Sales, customer and operations data can make a night-and-day difference for your business. But with the bevy of analytics tools available, the challenge isn’t analyzing but extracting data.
The most efficient method for extracting data is a process called ETL. Short for “extract, transform, load,” ETL tools pull data from the various platforms you use and prepare it for analysis.
The only alternative to ETL is manual data entry — which can take literal months, even with an enterprise amount of manpower. Save yourself the trouble by getting a grip on the ETL process.
How ETL Tools Work
Knowing how an ETL tool works is part and parcel of understanding its value. Let’s take each term of that acronym in turn:
The first step is getting data out of one program and into another. It’s the part of the process most leaders already know they need, but it’s only useful when paired with the other two.
The data extracted by your ETL tool is raw. Most programs don’t “talk” to each other well, so their data must be converted to a common language before you can work with it.
Finally, your processed data is loaded into your storage vessel of choice. Many people use a data warehouse: a program built specifically for the storing and viewing of processed data. Once there, it’s finally ready to be analyzed.
What You Need to Do
The ETL process seems simple enough, right? Now that you understand it, let’s get your data pipeline flowing:
1. Set Up Triggers
To get your extraction started, you’ll need to set up an automation system. This involves designating triggers for your ETL process.
One trigger might be a sale made on your company website. When a customer checks out, it initiates an action: the purchase data is delivered to your ETL program. Information like the amount spent and the time of purchase are then compiled, converted and piped into your data storage system.
2. Choose a Storage Platform
As mentioned previously, extracted data needs to be stored somewhere. There are a few options to choose from, each with their own strengths and weaknesses:
- Data warehouses are used for storing data from one or multiple sources that has been processed for a specific function.
- Data lakes store raw data that has yet to be manipulated to fit an exact purpose.
- Data marts are similar to warehouses but on a much smaller scale, typically devoted to a single team or department.
- Databases are used to store information from a single source, often to support a system that uses a lot of data.
Data warehouses are the default choice for most big data initiatives, but the other three options have their merits. When in doubt, ask your IT team to weigh in.
3. Audit Your Data
Don’t blindly trust every byte sitting in your data warehouse. Address change. People switch companies. The point is, data gets outdated faster than you might think.
Regularly audit your data, ensuring everything is in place and in the correct context. Without a data audit, you may be getting an incomplete picture. When you work with limited information, you can’t make informed decisions.
Reviewing your data can identify holes in your ETL process or business strategy. You might realize, for instance, that you need to set a trigger on LinkedIn in order to compare candidates who apply there to those who fill out a form on your site.
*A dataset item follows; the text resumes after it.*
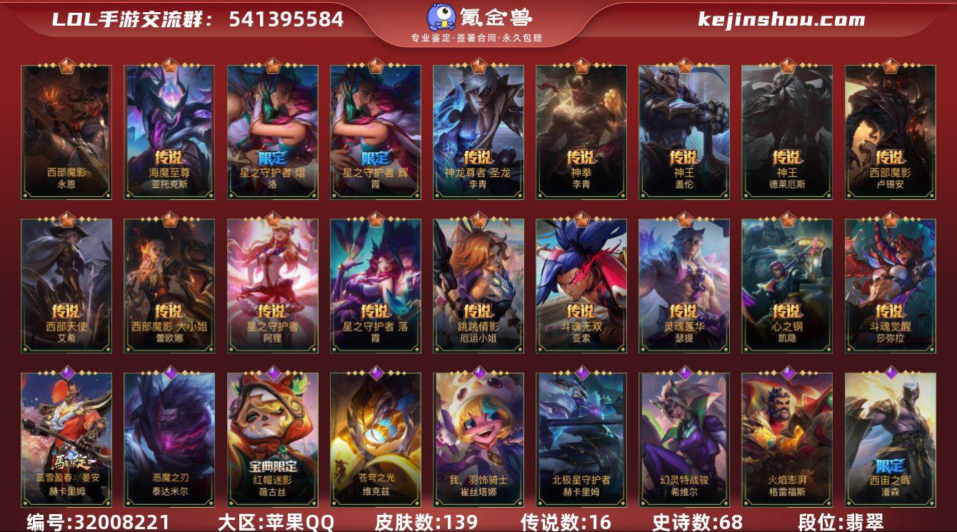 实名: 可修改 段位: 翡翠 皮肤数: 139 限定皮肤: 星之守护者霞,星之守护者洛 传说皮: 神拳盲僧,神王盖伦,神王诺手,西部魔影卢锡安,西部天使寒冰,星之守护者阿狸,星之守护者 落,跳跳倩影女枪,斗魂无双亚索,灵魂莲华腕豪,心之钢凯隐,西部魔影大小姐蕾欧娜,斗魂觉醒 莎弥拉,神龙尊者 圣龙 李青,海魔至尊 亚托克斯,西部魔影 永恩 亮点: 【优质装备】:神拳盲僧,神王盖伦,神王诺手,西部魔影卢锡安,西部天使寒冰,星之守护者阿狸,星之守护者 落,跳跳倩影女枪,灵魂莲华腕豪,心之钢凯隐,斗魂觉醒 莎弥拉

What if you spot data that isn’t factual, consistent, or within the parameters you meant to set? Sometimes, you can repair it automatically using a data enrichment tool. Other gaps might require some research and manual revision on your part.
The data your business generates is at least as valuable as any physical asset it owns. You wouldn’t let your office or company vehicles fall into disrepair, would you? Don’t let your data collect dust, either.
Use an ETL tool to pull your data and give it a polish. Until then, you won’t be able to unlock all the insights analytics tools love to tout.